Stored dataset items:
------------------------------------------------------------

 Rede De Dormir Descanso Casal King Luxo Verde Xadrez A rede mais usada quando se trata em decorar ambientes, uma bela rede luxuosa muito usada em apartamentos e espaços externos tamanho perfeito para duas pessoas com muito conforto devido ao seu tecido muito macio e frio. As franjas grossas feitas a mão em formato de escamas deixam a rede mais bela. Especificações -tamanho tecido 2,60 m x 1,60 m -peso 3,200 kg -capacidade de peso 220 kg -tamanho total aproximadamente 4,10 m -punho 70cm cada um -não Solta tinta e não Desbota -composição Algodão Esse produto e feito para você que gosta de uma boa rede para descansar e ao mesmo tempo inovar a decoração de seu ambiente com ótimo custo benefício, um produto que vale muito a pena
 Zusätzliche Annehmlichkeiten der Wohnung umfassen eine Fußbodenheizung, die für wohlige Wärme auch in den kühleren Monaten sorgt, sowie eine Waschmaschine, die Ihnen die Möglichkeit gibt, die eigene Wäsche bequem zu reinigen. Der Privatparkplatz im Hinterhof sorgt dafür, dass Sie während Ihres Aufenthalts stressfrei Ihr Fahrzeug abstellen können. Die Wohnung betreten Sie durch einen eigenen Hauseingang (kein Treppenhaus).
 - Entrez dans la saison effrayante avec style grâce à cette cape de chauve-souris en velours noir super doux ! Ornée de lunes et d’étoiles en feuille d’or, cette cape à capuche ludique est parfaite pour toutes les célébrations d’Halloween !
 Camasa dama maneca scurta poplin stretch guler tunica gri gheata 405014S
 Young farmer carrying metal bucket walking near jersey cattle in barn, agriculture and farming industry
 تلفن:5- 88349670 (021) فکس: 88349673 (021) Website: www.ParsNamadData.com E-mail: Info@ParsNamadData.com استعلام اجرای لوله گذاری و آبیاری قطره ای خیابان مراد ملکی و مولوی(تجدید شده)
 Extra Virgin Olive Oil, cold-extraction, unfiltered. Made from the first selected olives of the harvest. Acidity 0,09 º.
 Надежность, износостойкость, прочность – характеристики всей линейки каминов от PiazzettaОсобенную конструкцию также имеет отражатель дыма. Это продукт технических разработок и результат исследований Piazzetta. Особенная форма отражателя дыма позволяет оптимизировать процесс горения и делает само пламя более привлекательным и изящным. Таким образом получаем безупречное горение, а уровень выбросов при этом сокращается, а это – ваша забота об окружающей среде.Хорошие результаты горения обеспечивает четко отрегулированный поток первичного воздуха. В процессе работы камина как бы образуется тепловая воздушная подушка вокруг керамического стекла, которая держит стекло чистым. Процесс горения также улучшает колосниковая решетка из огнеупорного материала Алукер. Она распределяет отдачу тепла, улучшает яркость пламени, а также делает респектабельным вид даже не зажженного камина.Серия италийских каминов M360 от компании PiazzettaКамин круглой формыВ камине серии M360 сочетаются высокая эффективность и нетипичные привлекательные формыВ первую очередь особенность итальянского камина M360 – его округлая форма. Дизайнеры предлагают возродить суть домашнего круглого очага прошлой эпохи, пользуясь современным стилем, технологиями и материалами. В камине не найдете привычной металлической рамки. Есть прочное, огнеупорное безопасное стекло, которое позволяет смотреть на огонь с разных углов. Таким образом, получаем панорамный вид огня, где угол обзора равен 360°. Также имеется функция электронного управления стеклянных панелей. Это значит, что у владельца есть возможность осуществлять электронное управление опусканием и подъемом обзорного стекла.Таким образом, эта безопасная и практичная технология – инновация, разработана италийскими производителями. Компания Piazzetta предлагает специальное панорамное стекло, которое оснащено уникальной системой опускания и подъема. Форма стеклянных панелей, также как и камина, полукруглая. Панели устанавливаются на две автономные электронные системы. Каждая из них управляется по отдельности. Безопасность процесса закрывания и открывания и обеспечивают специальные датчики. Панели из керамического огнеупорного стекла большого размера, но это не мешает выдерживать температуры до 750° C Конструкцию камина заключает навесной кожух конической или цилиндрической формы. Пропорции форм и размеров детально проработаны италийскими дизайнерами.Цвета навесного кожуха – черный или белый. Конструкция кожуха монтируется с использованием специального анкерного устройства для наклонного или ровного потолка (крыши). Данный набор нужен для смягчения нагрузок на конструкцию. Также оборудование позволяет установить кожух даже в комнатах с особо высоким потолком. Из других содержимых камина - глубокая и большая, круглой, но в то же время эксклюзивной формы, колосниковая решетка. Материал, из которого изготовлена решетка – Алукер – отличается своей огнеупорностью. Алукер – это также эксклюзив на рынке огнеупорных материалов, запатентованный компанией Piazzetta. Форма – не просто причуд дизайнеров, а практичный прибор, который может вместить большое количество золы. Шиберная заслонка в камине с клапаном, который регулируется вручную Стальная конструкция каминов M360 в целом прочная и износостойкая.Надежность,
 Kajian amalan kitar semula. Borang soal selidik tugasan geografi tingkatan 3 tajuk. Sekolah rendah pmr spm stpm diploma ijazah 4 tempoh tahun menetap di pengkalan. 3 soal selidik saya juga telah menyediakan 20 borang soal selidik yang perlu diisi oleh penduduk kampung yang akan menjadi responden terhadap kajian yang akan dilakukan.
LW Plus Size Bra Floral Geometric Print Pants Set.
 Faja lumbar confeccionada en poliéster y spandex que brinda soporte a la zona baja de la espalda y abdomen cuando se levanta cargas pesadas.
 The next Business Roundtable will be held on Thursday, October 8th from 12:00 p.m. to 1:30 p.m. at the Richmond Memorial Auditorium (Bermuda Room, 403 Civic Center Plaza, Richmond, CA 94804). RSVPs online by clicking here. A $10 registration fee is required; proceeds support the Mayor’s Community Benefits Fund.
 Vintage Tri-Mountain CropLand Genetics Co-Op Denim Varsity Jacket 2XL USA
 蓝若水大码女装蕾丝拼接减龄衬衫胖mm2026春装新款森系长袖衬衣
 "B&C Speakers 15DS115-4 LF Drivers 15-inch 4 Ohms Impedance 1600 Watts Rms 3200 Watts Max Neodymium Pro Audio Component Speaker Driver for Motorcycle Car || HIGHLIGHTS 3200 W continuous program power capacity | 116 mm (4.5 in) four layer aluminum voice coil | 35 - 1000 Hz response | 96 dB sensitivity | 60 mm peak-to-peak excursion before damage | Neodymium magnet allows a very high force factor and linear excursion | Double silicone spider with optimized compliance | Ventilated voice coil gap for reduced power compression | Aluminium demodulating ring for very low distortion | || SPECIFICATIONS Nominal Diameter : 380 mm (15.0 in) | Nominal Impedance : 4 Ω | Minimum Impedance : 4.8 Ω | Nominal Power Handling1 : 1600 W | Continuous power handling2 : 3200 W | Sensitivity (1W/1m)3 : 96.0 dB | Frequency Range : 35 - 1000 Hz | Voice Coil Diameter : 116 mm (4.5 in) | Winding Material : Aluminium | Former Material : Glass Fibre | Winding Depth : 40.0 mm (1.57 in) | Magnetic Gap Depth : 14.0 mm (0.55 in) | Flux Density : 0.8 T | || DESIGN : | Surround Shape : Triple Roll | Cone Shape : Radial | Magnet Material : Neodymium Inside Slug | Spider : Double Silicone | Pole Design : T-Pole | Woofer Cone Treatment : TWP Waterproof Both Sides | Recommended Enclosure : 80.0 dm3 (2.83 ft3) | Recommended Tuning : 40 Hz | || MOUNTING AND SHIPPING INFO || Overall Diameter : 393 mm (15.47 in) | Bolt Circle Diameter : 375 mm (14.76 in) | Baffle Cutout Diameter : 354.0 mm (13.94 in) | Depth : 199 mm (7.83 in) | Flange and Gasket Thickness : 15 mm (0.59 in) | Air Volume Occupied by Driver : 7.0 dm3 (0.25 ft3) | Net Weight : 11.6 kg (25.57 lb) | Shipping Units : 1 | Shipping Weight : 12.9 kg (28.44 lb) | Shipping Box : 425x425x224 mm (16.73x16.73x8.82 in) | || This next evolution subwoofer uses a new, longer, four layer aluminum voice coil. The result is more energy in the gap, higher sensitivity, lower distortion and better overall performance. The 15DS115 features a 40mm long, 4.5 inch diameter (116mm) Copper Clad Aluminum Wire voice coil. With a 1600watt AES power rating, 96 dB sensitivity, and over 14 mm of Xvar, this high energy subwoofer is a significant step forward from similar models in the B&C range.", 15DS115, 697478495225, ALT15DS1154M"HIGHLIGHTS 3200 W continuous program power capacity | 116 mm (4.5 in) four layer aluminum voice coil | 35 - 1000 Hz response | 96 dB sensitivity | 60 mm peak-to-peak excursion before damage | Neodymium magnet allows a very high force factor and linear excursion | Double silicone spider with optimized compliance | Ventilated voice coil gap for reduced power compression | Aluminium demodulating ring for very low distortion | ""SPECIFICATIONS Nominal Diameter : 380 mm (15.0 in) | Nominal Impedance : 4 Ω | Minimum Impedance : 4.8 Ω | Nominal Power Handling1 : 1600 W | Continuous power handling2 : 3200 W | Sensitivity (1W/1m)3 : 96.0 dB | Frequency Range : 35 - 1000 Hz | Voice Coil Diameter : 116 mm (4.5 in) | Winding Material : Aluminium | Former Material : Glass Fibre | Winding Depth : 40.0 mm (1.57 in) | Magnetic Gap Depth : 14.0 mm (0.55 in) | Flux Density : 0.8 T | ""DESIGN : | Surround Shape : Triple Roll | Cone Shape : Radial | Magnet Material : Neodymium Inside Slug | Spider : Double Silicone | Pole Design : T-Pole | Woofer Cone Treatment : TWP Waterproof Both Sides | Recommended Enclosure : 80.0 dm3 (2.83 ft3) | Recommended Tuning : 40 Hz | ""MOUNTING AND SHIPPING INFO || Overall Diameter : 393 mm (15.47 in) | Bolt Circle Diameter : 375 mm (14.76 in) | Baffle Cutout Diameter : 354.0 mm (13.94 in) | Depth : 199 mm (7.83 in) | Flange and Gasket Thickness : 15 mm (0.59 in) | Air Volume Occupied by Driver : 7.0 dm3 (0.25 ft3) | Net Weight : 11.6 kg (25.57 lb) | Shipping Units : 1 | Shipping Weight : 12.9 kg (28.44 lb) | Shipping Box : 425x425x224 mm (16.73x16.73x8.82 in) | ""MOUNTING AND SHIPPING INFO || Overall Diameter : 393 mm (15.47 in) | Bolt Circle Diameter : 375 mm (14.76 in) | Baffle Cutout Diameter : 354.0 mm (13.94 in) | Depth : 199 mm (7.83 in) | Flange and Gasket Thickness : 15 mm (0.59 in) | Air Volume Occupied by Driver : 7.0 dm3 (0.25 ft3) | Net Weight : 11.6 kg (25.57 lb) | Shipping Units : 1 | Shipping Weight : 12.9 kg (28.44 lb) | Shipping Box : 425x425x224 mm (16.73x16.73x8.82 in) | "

------------------------------------------------------------

Problem description =
From the records above, copy out the line with "Young farmer carrying", the line with "Extra Virgin Olive", and every line between them, word for word.

Written solution =
 Young farmer carrying metal bucket walking near jersey cattle in barn, agriculture and farming industry
 تلفن:5- 88349670 (021) فکس: 88349673 (021) Website: www.ParsNamadData.com E-mail: Info@ParsNamadData.com استعلام اجرای لوله گذاری و آبیاری قطره ای خیابان مراد ملکی و مولوی(تجدید شده)
 Extra Virgin Olive Oil, cold-extraction, unfiltered. Made from the first selected olives of the harvest. Acidity 0,09 º.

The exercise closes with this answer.